This image is the cover for the book Skin That We Speak

Skin That We Speak

“Lucid, accessible” research on classroom language bias for educators and “parents concerned about questions of power and control in public schools” (Publishers Weekly).

In this collection of twelve essays, MacArthur Fellow Lisa Delpit and Kent State University Associate Professor Joanne Kilgour Dowdy take a critical look at the issues of language and dialect in the education system.

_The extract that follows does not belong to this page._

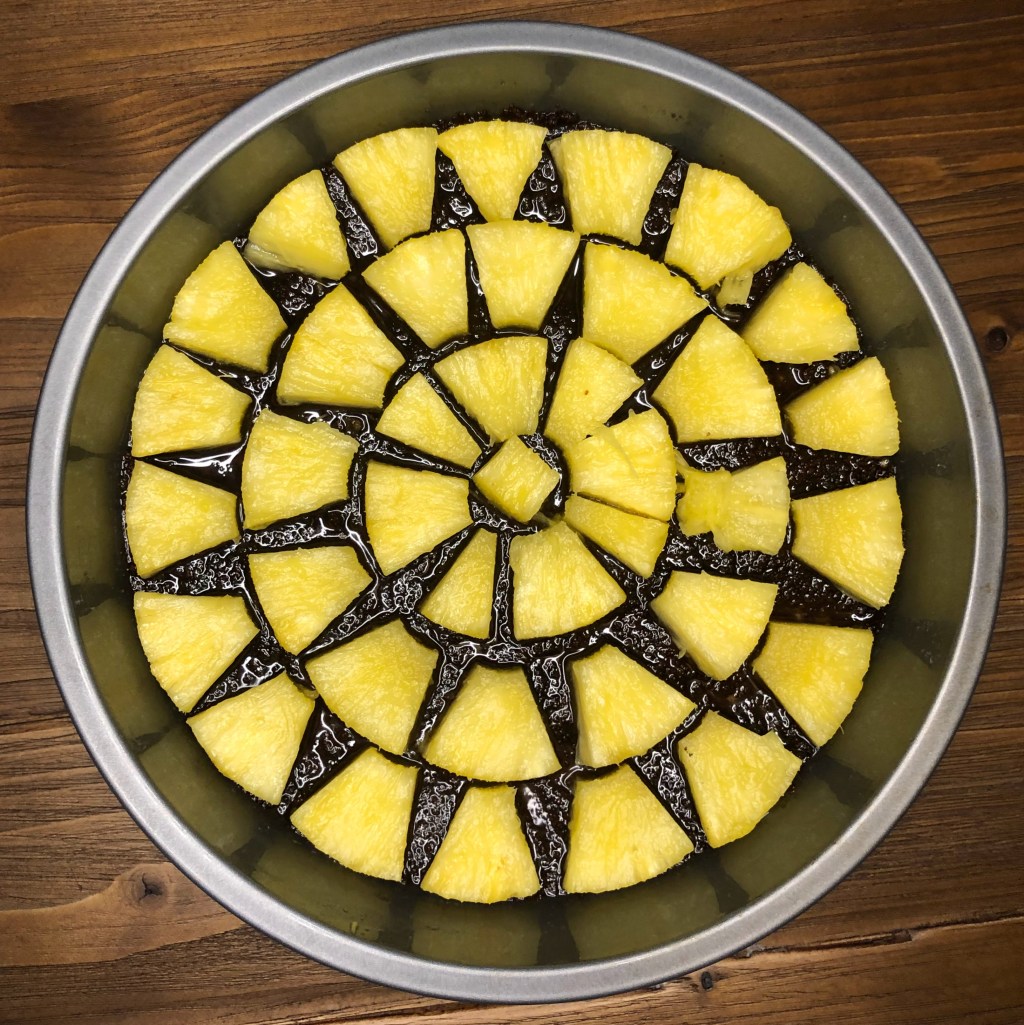 - Make the topping: In a small bowl mix together the brown sugar/jaggery, cinnamon and ginger. Melt the butter then pour it over the sugar mix and stir until it makes a paste. Spread across the bottom of your prepared pan, covering completely. Arrange pineapple in whatever fun design you like.

The Skin That We Speak moves beyond the highly charged war of idioms to present teachers and parents with a thoughtful exploration of the varieties of English spoken today.

At a time when children who don’t speak formal English are written off in our schools, and when the class- and race-biased language used to describe those children determines their fate, The Skin That We Speak offers a cutting-edge look at this all-important aspect of education. Including groundbreaking work by Herbert Kohl, Gloria J. Ladson-Billings, and Victoria Purcell-Gates, as well as classic texts by Geneva Smitherman and Asa Hilliard, this volume of writing is what Black Issues Book Review calls “an essential text.”

“The book is aimed at helping educators learn to make use of cultural differences apparent in language to educate children, but its content guarantees broader appeal.” —Booklist

“An honest, much-needed look at one of the most crucial issues in education today.” —Jackson Advocate

Lisa Delpit, Joanne Kilgour Dowdy

MacArthur Fellow Lisa Delpit received the award for Outstanding Contribtuion to Education in 1993 from the Harvard Graduate School of Education. She currently holds the Benjamin E. Mays Chair of Urban Education Leadership at Georgia State University in Atlanta, Georgia. Joanne Kilgour Dowdy is the Assistant Director at the Center for the Study of Adult Literacy and assistant professor at Georgia State University.